Reputation: 1645
I have a pandas dataframe like this
df = pd.DataFrame(data=[[21, 1],[32, -4],[-4, 14],[3, 17],[-7,NaN]], columns=['a', 'b'])
df
I want to be able to remove all rows with negative values in a list of columns and conserving rows with NaN.
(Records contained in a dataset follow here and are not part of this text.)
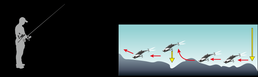 路亚抛出后稍等下沉,视需要下沉到一定深度后,人面向水面,收紧余线,向上扬竿,力度视情况需要,可重可轻,然后放下竿尖松线,再让路亚下沉;路亚搜索深度范围很大,适合大水面搜索鱼所在泳层,在鱼索饵意愿不积极时,这种轻缓的手法非常有效。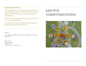 Kokosimme päiväkodin henkilökunnan käyttöön sadutuksesta ja siihen liittyvästä toiminnasta kertovan opaslehtisen, jotta henkilökunta voisi jatkaa alulle laittamaamme toimintamallia. Henkilökunnan toiveiden mukaisesti teimme opaslehtisestä tiiviin ja informatiivisen paketin: kuvaamme sadutus-menetelmän pääkohdat ja havainnollistimme teoreettista osuutta omasta toiminnastamme valikoiduilla esimerkeillä.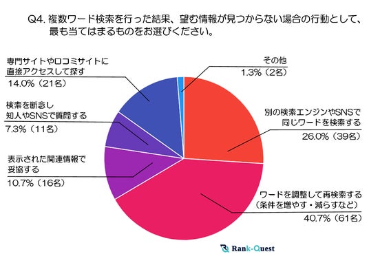 また、情報が見つからないときには「ワードを調整して再検索する」という声が最も多く、諦めずに試行錯誤を重ねる意欲も強いことが明らかになりました。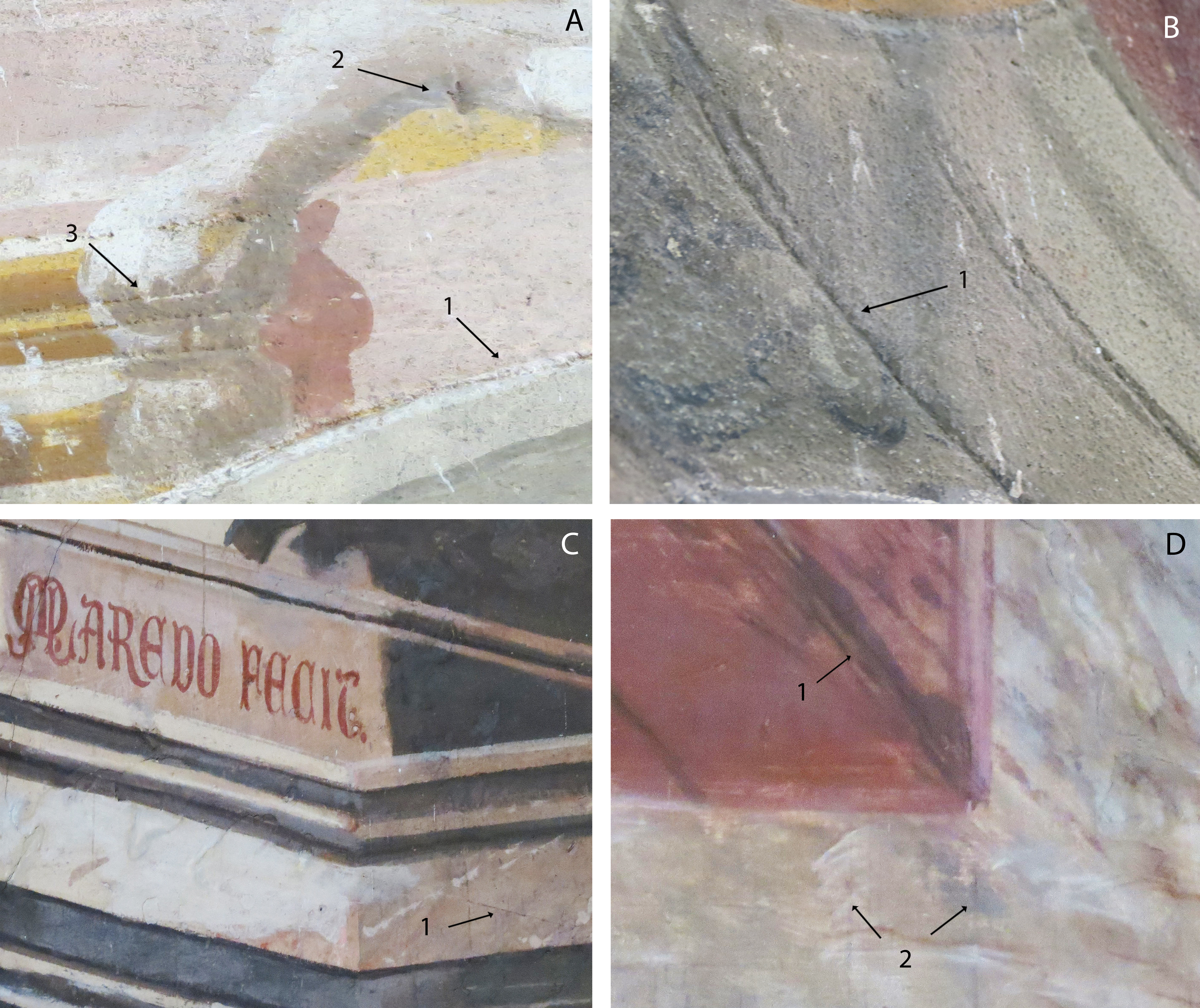 - Figura 6.A. Ermita de Nuestra Señora de la Soledad: detalle de jornada (1), agujero de cartón (2) y dibujo inciso por medio de punzón sobre mortero fresco (3). Figura 6.B. Ermita de Nuestra Señora de la Soledad: detalle del dibujo inciso (1). Figura 6.C.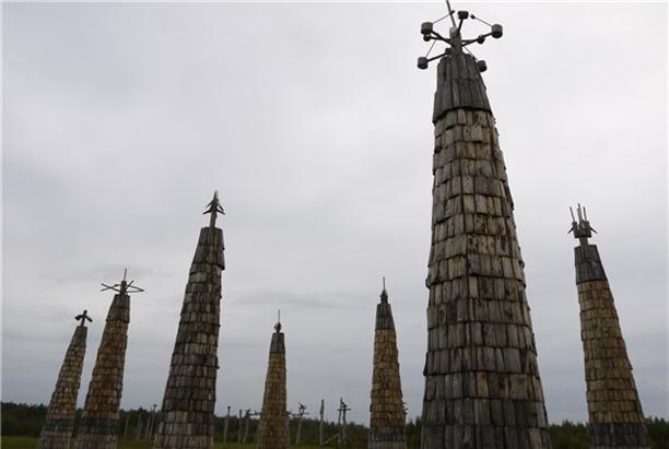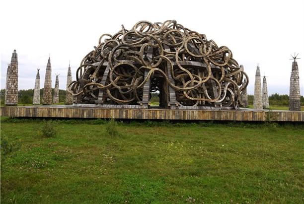 "Вселенский разум". Николай Полисский - художник и вдохновитель всего проекта в целом - решил создать в Никола-Ленивце собственный искусственный интеллект. Он создавал его три года! В центре инсталляции червивый дом скульптура двух полушарий механического мозга, к ним ведёт жертвенный лес колоннада из сорока двух космических ракет. Все настолько масштабно, что попадая на территорию "мозга", ощущаешь себя пленником племени Майя маленьким винтиком огромной сокрушающей машины :)

In my example there is only 2 columns, but I have more in my dataset, so I can't do it one by one.
Upvotes: 31
Views: 172428
Reputation: 3491
I was looking for a solution for this that doesn't change the dtype (which will happen if NaN's are mixed in with ints as suggested in the answers that use dropna
. Since the questioner already had a NaN in their data, that may not be an issue for them. I went with this solution which preserves the int64
dtype. Here it is with my sample data:
df = pd.DataFrame(data={'a':[0, 1, 2], 'b': [-1,0,1], 'c': [-2, -1, 0]})
columns = ['b', 'c']
filter_ = (df[columns] >= 0).all(axis=1)
df[filter_]
a b c
2 2 1 0
Upvotes: 1
Reputation: 737
I've found you can simplify the answer by just doing this:
>>> cols = ['b']
>>> df = df[df[cols] > 0]
dropna()
is not an in-place method, so you have to store the result.
>>> df = df.dropna()
Upvotes: 15
Reputation: 12108
If you want to apply it to all columns, do df[df > 0]
with dropna()
:
>>> df[df > 0].dropna()
a b
0 21 1
3 3 17
If you know what columns to apply it to, then do for only those cols with df[df[cols] > 0]
:
>>> cols = ['b']
>>> df[cols] = df[df[cols] > 0][cols]
>>> df.dropna()
a b
0 21 1
2 -4 14
3 3 17
Upvotes: 55